Chief Financial Officer Natwar M. Gandhi briefed Mayor Adrian M. Fenty (D) and D.C. Council Chairman Vincent C. Gray (D) last night on the new revenue projections, a month after the city closed a $131 million budget gap.
The latest shortfall represents 2.5 percent of the city's $5 billion budget of local funds for fiscal year 2009, which started Oct. 1. Gandhi has said that such a gap is manageable.
Gandhi has scheduled a news conference for noon today at the John A. Wilson Building to announce the projections. He declined to comment last night.
According to government sources familiar with the briefing, Gandhi said the adjusted numbers take into account the brunt of the stock market crash on Wall Street.
Among the primary causes of the new shortfall is a falling-off of capital gains taxes paid by residents whose investments in the stock market have plummeted. But the city is also experiencing a significant slowdown in the residential and commercial property markets after staving off the kinds of declines experienced in the suburbs, the sources said.
The District now faces budget pressures similar to those in neighboring Maryland and Virginia, where state officials are wrestling with steep shortfalls. In Maryland, the $2 billion gap represents more than 10 percent of the budget, and the $3 billion shortfall in Virginia equals about 4 percent.
In Virginia, Gov. Timothy M. Kaine (D) this week proposed raising the tax on cigarettes and laying off 1,100 employees. In Maryland, Gov. Martin O'Malley (D) said 67,000 workers will take unpaid leave to save money.
Fenty eliminated hundreds of unfilled jobs across nearly all government agencies, except public schools, to close the previous budget gap of $131 million announced in September. He also took money that had been banked by various agencies that earn revenue by selling products, such as business licenses.

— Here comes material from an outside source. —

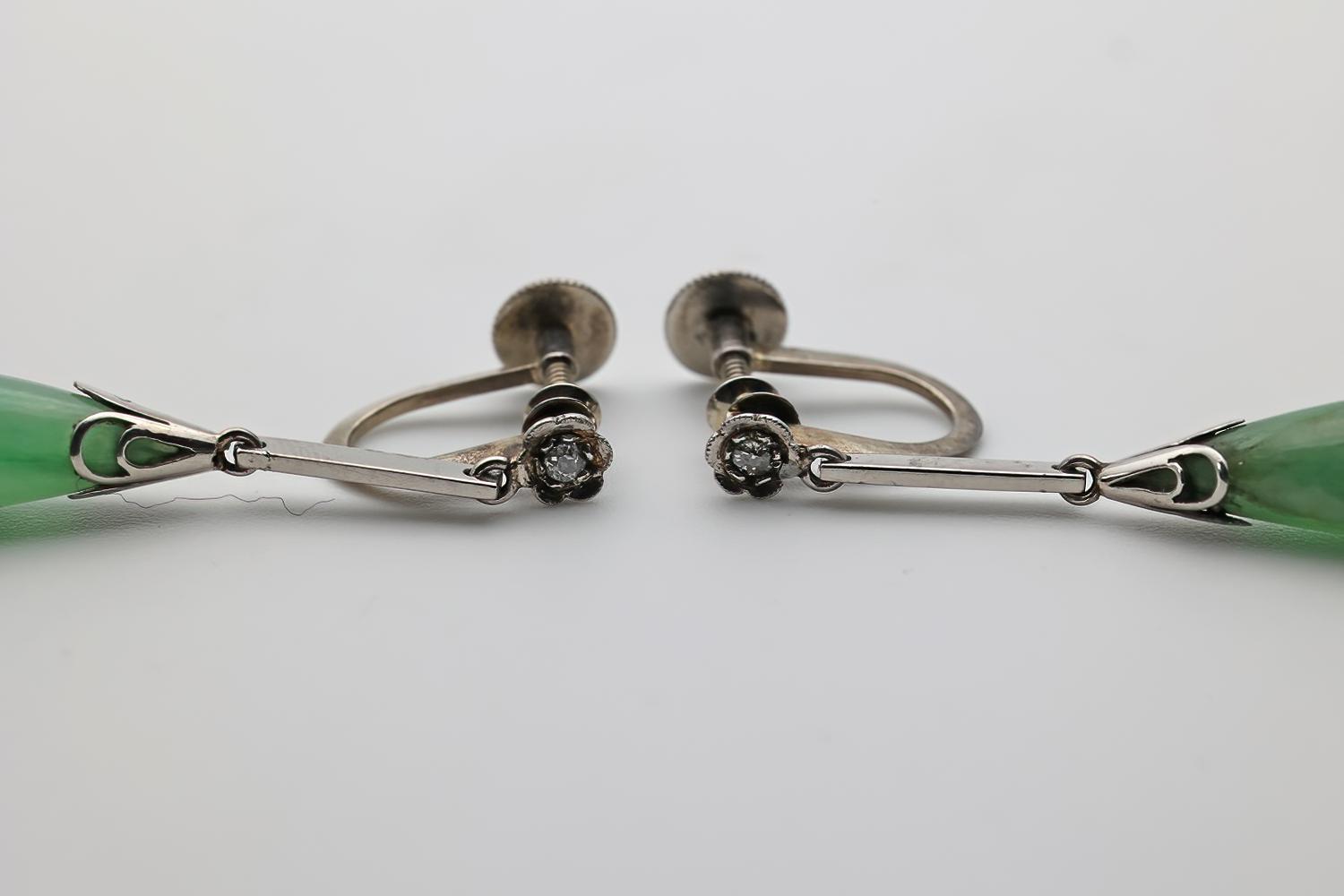 Edwardian jadeite and platinum drop earrings set in platinum with jadeite elongated drops suspended from platinum with a diamond set in a flower shape. Screw backs.nnLength 4.7cmn8.5gm

The council, anticipating that the shortfall could grow, created a $40 million reserve by eliminating a plan that would have offered low-cost health insurance to the poor, and it froze new spending on creating permanent housing for the homeless. The city also delayed some road and bridge repairs.
That reserve could be eaten up by the latest shortfall, although Gandhi told Fenty and Gray that the city might have tens of millions of dollars left from the fiscal 2008 budget that could help close the gap, according to the sources. That will not be known for certain until the spring, after an annual financial review is completed by independent auditors.
Last week, the council doubled the rates on downtown parking meters from $1 to $2 an hour to raise more revenue.
"It looks like another situation where we'll have to close the gap, and there's already been pretty substantial cutbacks in a lot of program areas," said Ed Lazere, executive director of the D.C. Fiscal Policy Institute, which studies city budget issues and advocates for social programs. "We are looking forward to working with the mayor and council to minimize the impact on services as much as possible."
Sources familiar with Gandhi's briefing said unemployment in the city is projected to rise this year and next year. The District's unemployment rate is expected to jump from 6.2 percent to 8.5 percent by the end of this fiscal year, then to 9.8 percent by the end of next year, Gandhi told Fenty and Gray, the sources said.
The city's budget picture for next fiscal year also appears to have worsened, the sources said.
Some council members criticized Gandhi in September for not anticipating a larger shortfall.
David A. Catania (I-At Large) said Gandhi had failed to take into account the troubles on Wall Street; Catania then cut $20 million from the budget of the Health Department, which he oversees as the chairman of the council's Committee on Health.
Catania put that money aside for reserve spending, but that could be already gone in light of the latest budget woes.